We’re turning this issue on its head completely, by engaging with lorry drivers and making them part of the solution.
We have developed an app that truck drivers will use to record the presence of wildlife and WVCs along the roads. This is massively expanding the amount of data that we can gather across the highways of Mato Grosso do Sul state. The information will be used to identify WVC hotspots, so that we can work with road authorities to plan the deployment of warning signs and mitigation measures.
Social recognition for this is key too, and we’re working with truck companies to certify those drivers who are making a difference to reduce collisions with wildlife as ‘Highway Heroes’, to improve how they are perceived by the public.
Honey and Fire
For giant armadillos, two of the main projects we’ve been working on are their relationship with beekeepers, and the threat of fire.
Armadillos regularly suffer persecution from beekeepers. Hungry armadillos break into their hives in search of bee larvae, which threatens their livelihoods. We’ve been working with beekeepers to learn how they protect their beehives at the moment and rank the effectiveness of different options.

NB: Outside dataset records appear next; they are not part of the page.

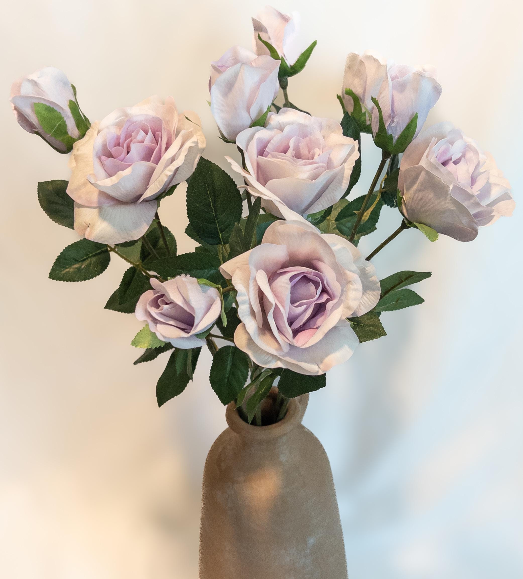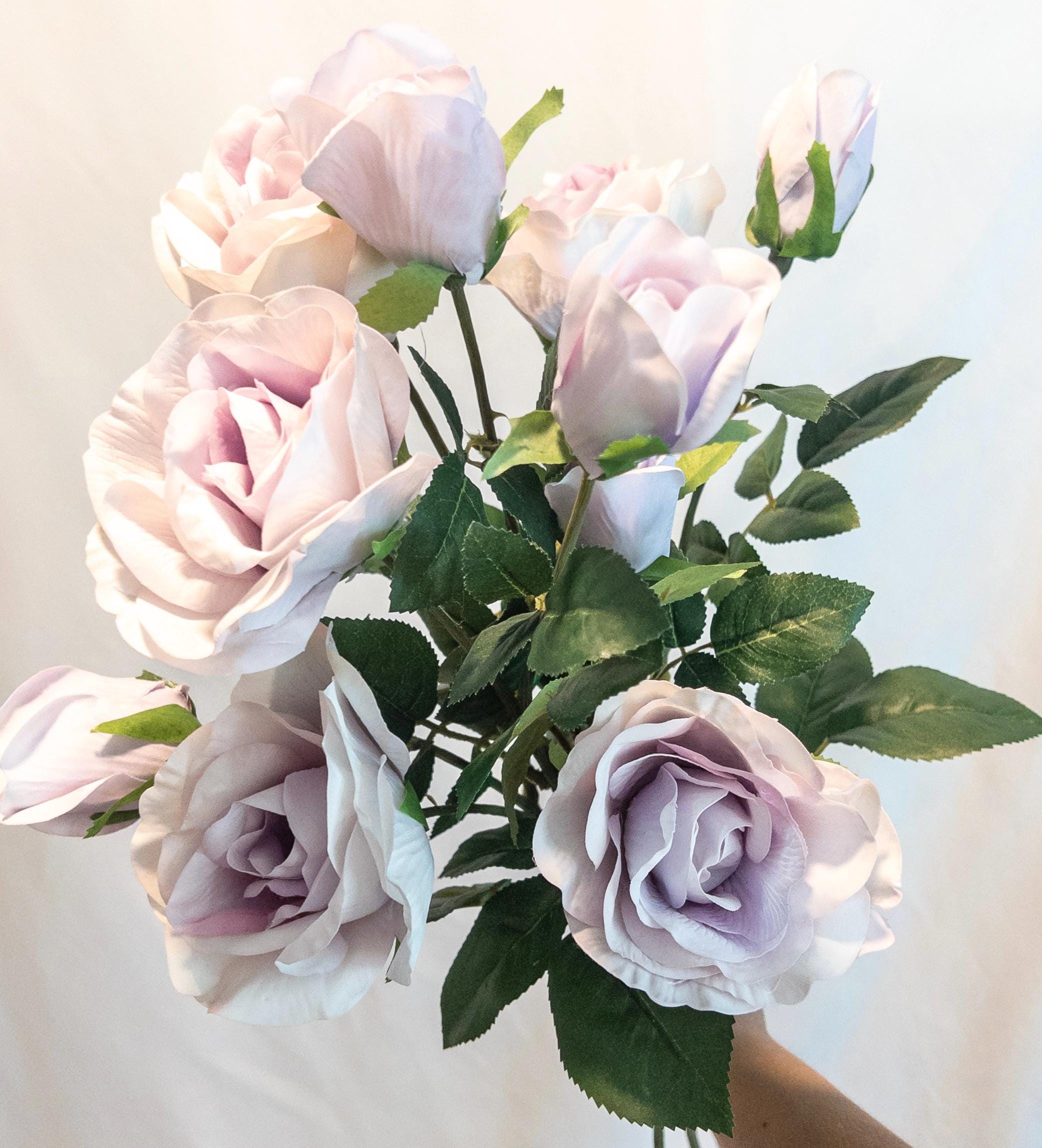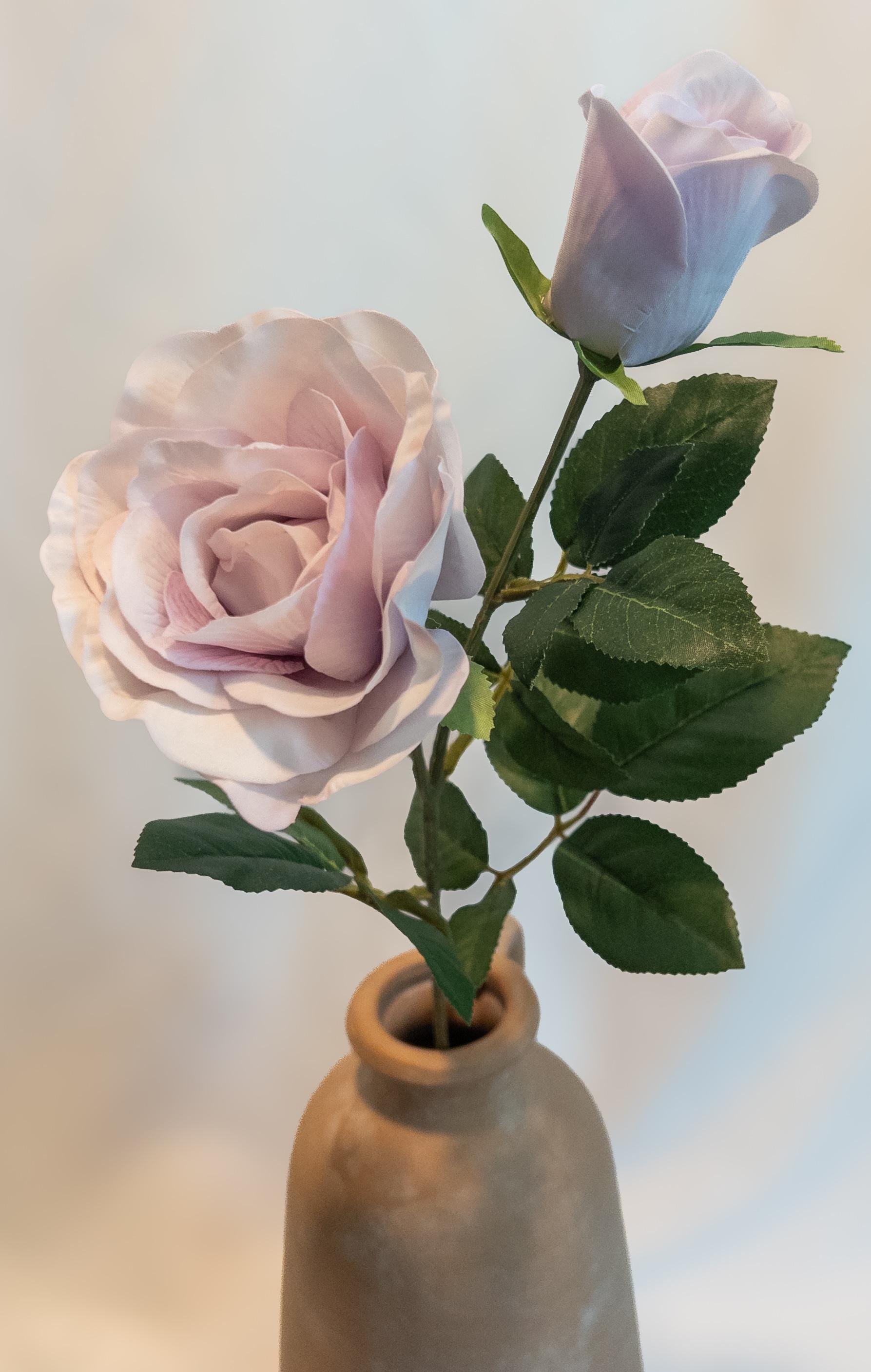 This real touch rose stem features a dreamy lavender blush tone with gently layered petals for a natural, garden-style look.
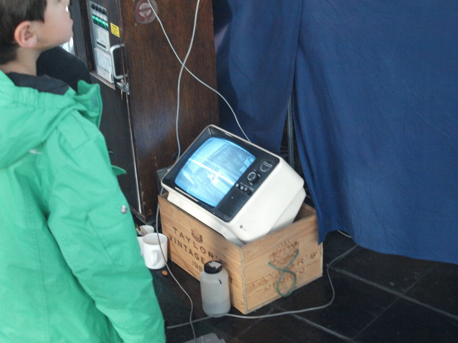 Der zur Überwachung des Schattenbahnhofs eingesetzte Fernseher stammt noch aus den Anfangsjahren der Bahn. ;-)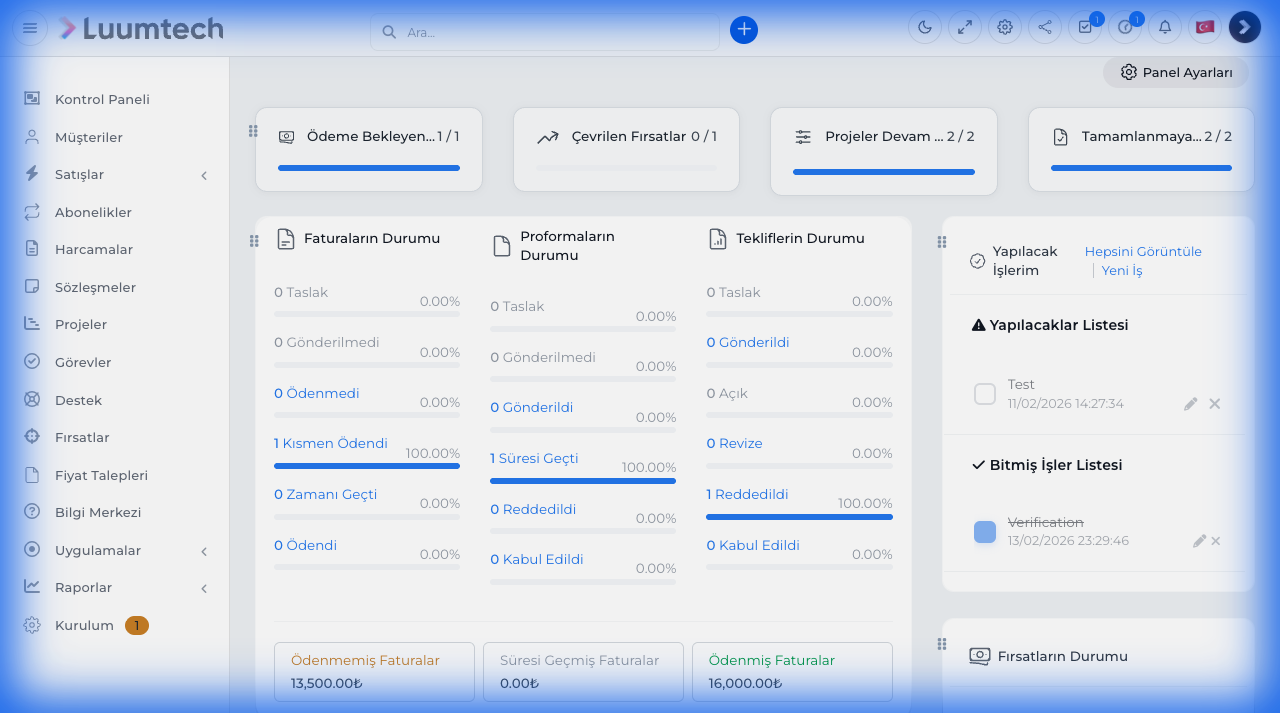 Dashboard, CRM sisteminizin kalbidir. Giriş yaptığınızda karşınıza çıkan ilk ekrandır ve işletmenizin genel durumunu tek bakışta görmenizi sağlar.

With that knowledge, we’re helping beekeepers to install more effective defences, like placing the hives on stilts well out of the reach of armadillos. No hive raiding, no retaliation! We’ve also created a certification scheme to acknowledge beekeepers’ efforts to implement this mitigation, as well as an app to gather data for future management and keep beekeepers engaged.
We hope that all of these interventions combined will make beekeeper-giant armadillo coexistence a benefit rather than a challenge.
Fires are a very different problem, affecting far more than just giant armadillos. However, our shielded friends are among the most vulnerable wildlife, with little ability to outrun a blaze.
In the Pantanal, fire has been historically used alongside livestock farming to renew pasture and control parasites. But through 2019 and 2020 the region experienced a record number of wildfires, leading to negative impacts on the whole ecosystem in terms of wildlife and services for people. As well as intense drought, inadequate practices of fire use and control may be contributing to the issue.
A deeper understanding of traditional fire use in the Pantanal – where most lands are private property – may help us integrate fire management with the nature conservation ongoing in the region. In time we hope to save thousands of hectares of habitat from devastation each year.
More work, and a future?
There are plenty of other examples of the work we do, from reducing negative interactions between roaming domestic dogs and giant anteaters, to addressing some of the superstitions that lead to the persecution of these giant mammals.
I will continue focusing my social science research on the complex human stories behind these conservation issues, until we are able to achieved long-term coexistence for people and South American giants in their shared habitat.